While the necessity of deduplication in the above example is generally reflected in data augmentation of training text, in an embodiment of the present invention, a method for data enhancement is provided, which is as follows: the common knowledge point standard questions of the question-answering robot (namely the education school App) of the embodiment of the invention are 1.9 ten thousand, the similar questions corresponding to the standard questions are 8 ten thousand plus, the total amount of the standard questions and the similar questions is more than 10 ten thousand plus, for example: a standard question: the baby of my family looks nice and nice, and the similarity question is: the baby looks like | | i's baby is really beautiful | | | i's baby is really lovely, this is the data in the database, such data bulk is far from being deficient to twinborn Albert multitask model, however the embodiment of the invention, on the premise of not changing the sample distribution, adopt the form of cartesian product, by 10 ten thousand + data, 200 ten thousand pieces of data have been generated, the sample format after generating is labels (or called combination label) of sentence 1, sentence 2, sentence 1 and sentence 2, the label of sentence 1, the label of sentence 2, wherein the label of sentence 1 and sentence 2 is 0 and 1, represent two sentences to be similar or not separately, namely the combination label is 1 and represents similarly, the combination label is 0 and represents two sentences to be dissimilar; the labels of sentence 1 and sentence 2 are three-level labels below knowledge, and exemplarily, "child care/growth/premature infant growth" is a label, wherein "child care" is a first-level label, and "growth" is a third-level label, and the number of the labels is 2662, and these data constitute a data set of the training model, and meanwhile, in order to eliminate redundant data, it is necessary to perform deduplication on similar data in the data set. In addition, in the third-level tag, two previous levels of the third level may be the same, and in another possibility, in order to ensure the matching accuracy, two sentences may be determined to be similar under the condition that the three-level tags are completely the same.
Specifically, in practical application, the problems are as follows: the top100 of the ' baby afternoon nap duration ' returned by the millius is [ ' how much the baby afternoon nap is fit, how much the baby afternoon nap needs to sleep ', … …, ' the baby likes to eat sugar ', ' the baby always likes to cry ' ], the similarity is [ ' how much the baby afternoon nap is fit, how much the baby afternoon nap needs to sleep ', ' how much the baby afternoon nap is most reasonable to the body ' ], thus, label is 2 [ ' how much the baby sleeps fit for afternoon nap ', ' how much the baby sleeps to be fit for the baby ' the baby afternoon nap of the baby ', label is 1 [ ' how much the baby sleeps to be most reasonable to the body ' ], label is 0 [ ' the baby likes to sugar ', ' the baby always love to cry ' ], after the millius is supplemented, the n value is larger, the representation and the relevance of the problem are lower.

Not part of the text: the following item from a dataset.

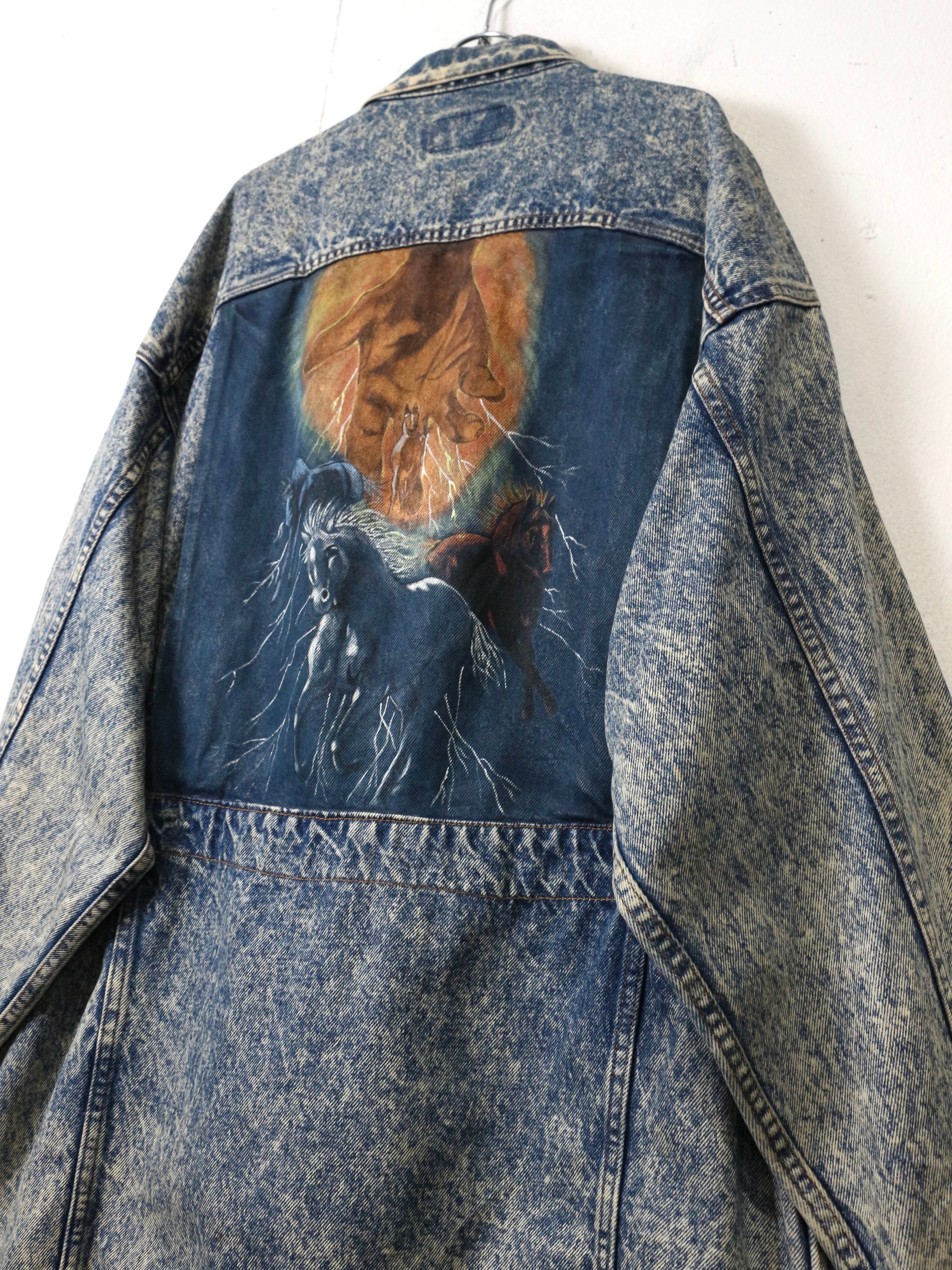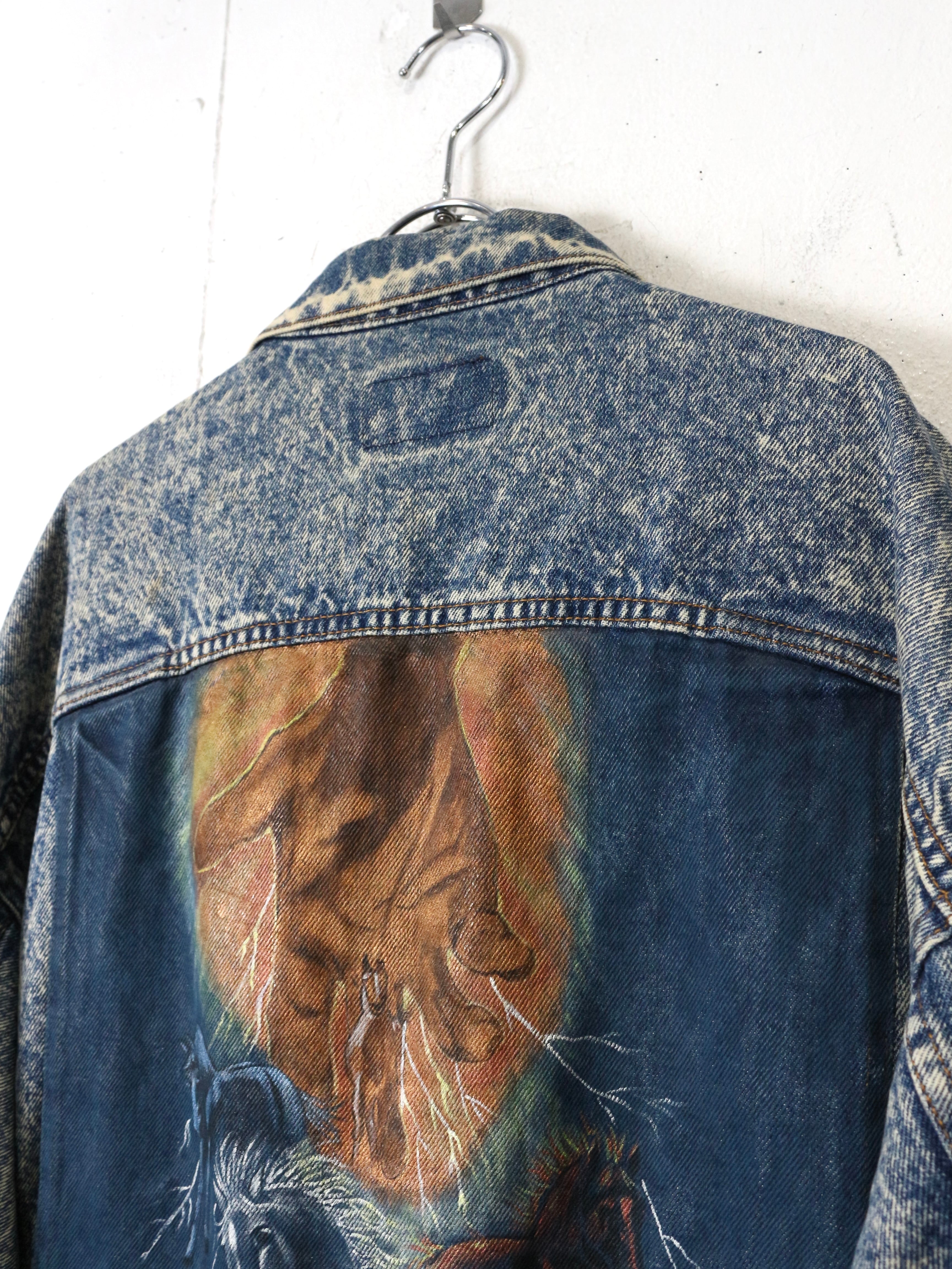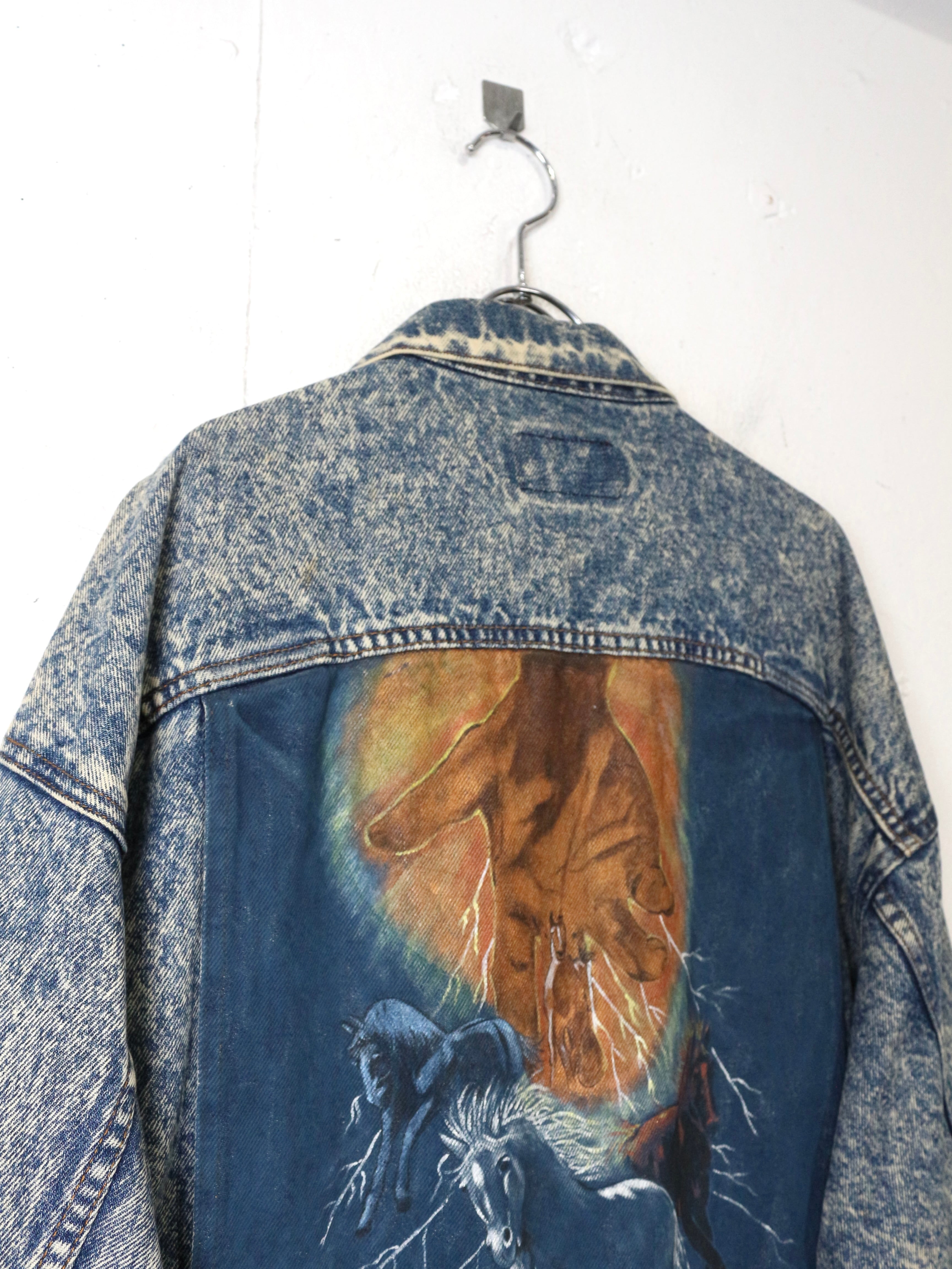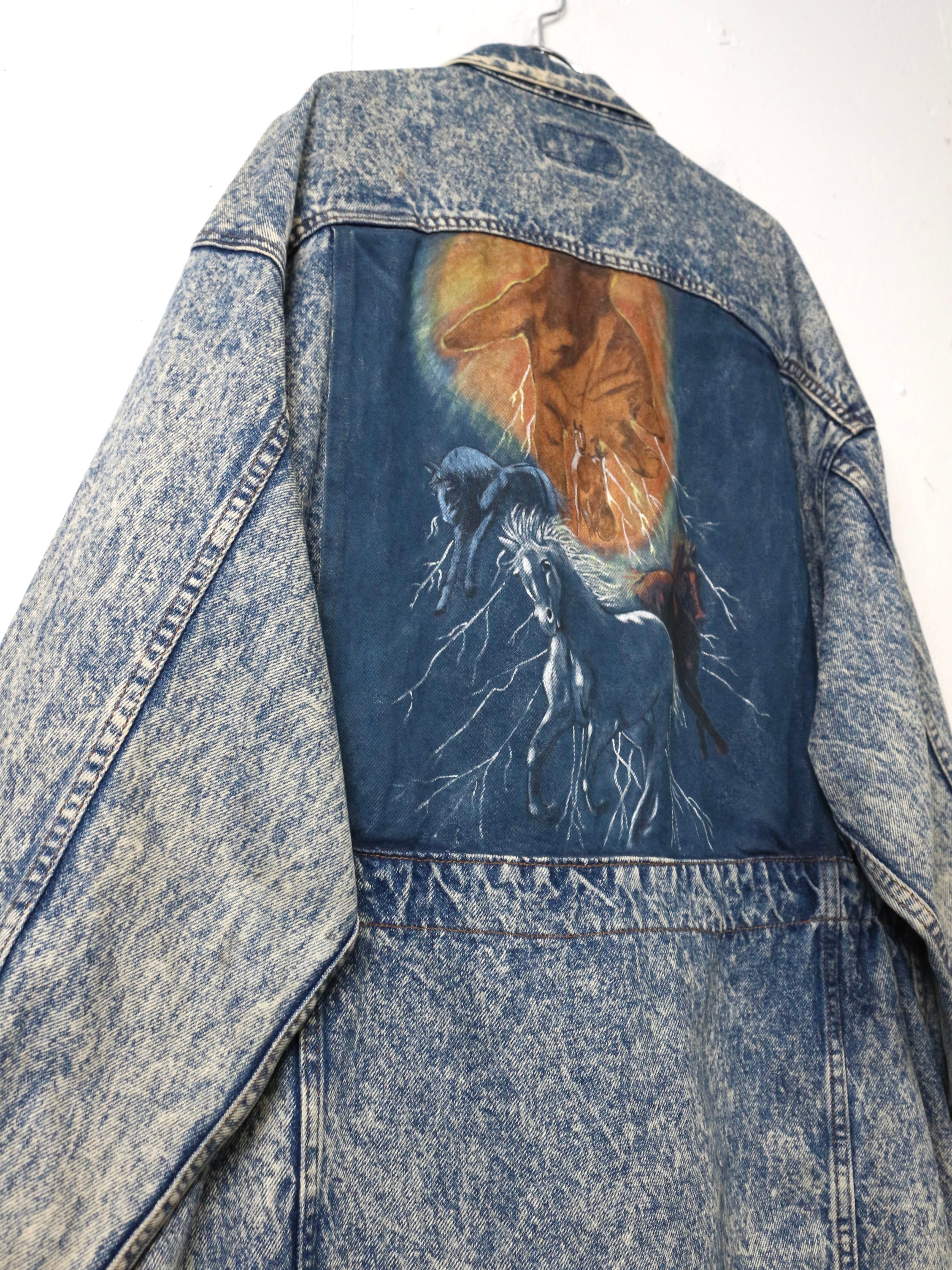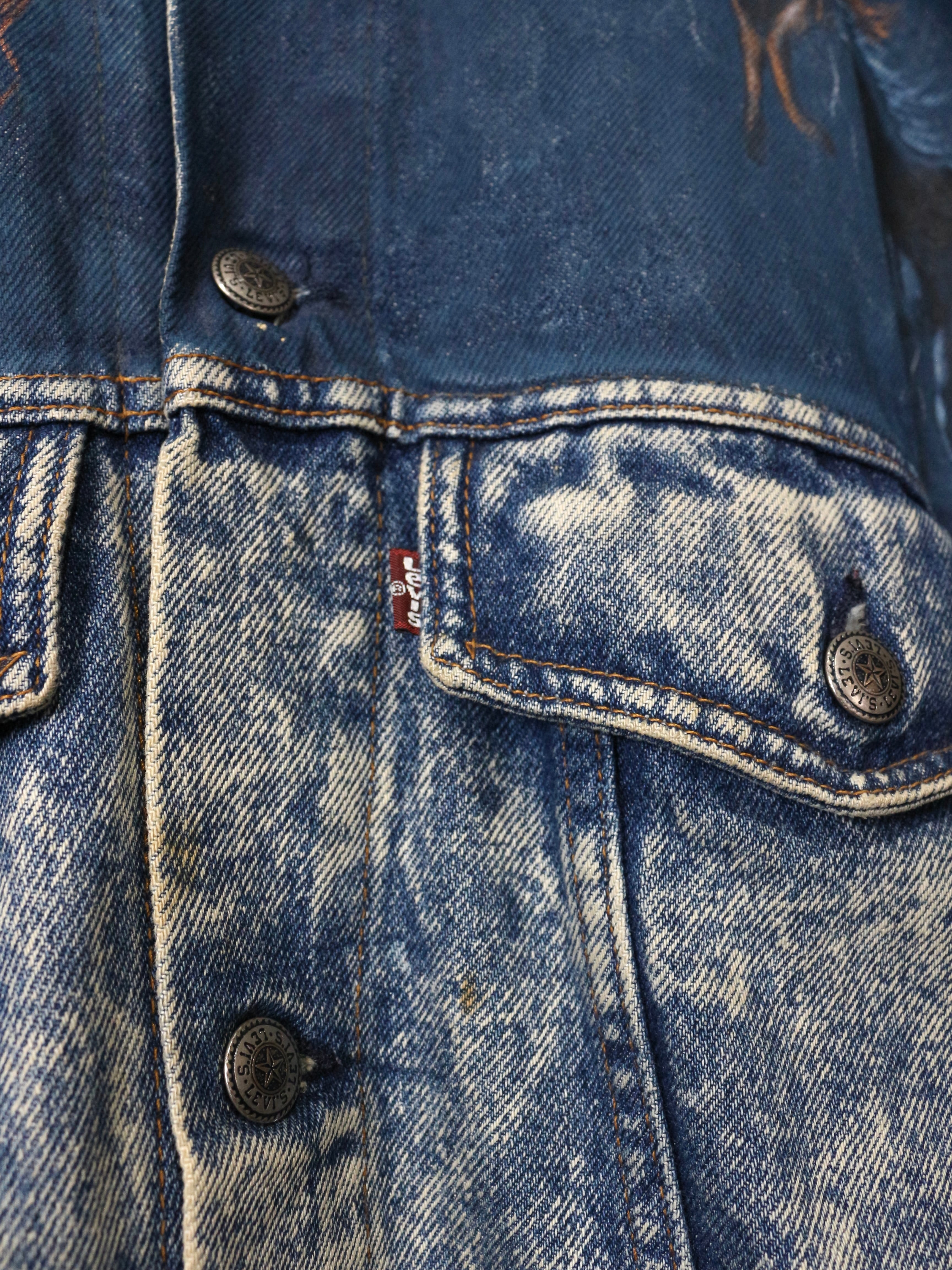 ケミカルウォッシュの圧巻のルックス、稀少なボディ、そして唯一無二のグラフィックが合わさった、古着でしか出会えないスペシャルなデニムジャケットです。

In practical application, if the data entry expanded in the training set is wider subsequently, label design with more than three levels may be involved, and the specific setting may be determined according to actual conditions, which is not specifically limited in the embodiment of the present invention.
In conclusion, the inventor finds that the conventional method adopts an Albert model to input sentences into the model and then performs feature extraction, so that the embedding calculated by each sentence simultaneously contains the information of sentence pairs and cannot well distinguish the two sentences; the twin network is adopted, the sentence pairs are respectively input into each network, the independence of each sentence is guaranteed, so that the embedding extracted from the model is mutually independent, then the model fusion method is adopted to fuse the information of each sentence, the advantages of guaranteeing the independence of each sentence and containing the fusion information of the sentence pairs are achieved, and the calculation output effect of the model is better.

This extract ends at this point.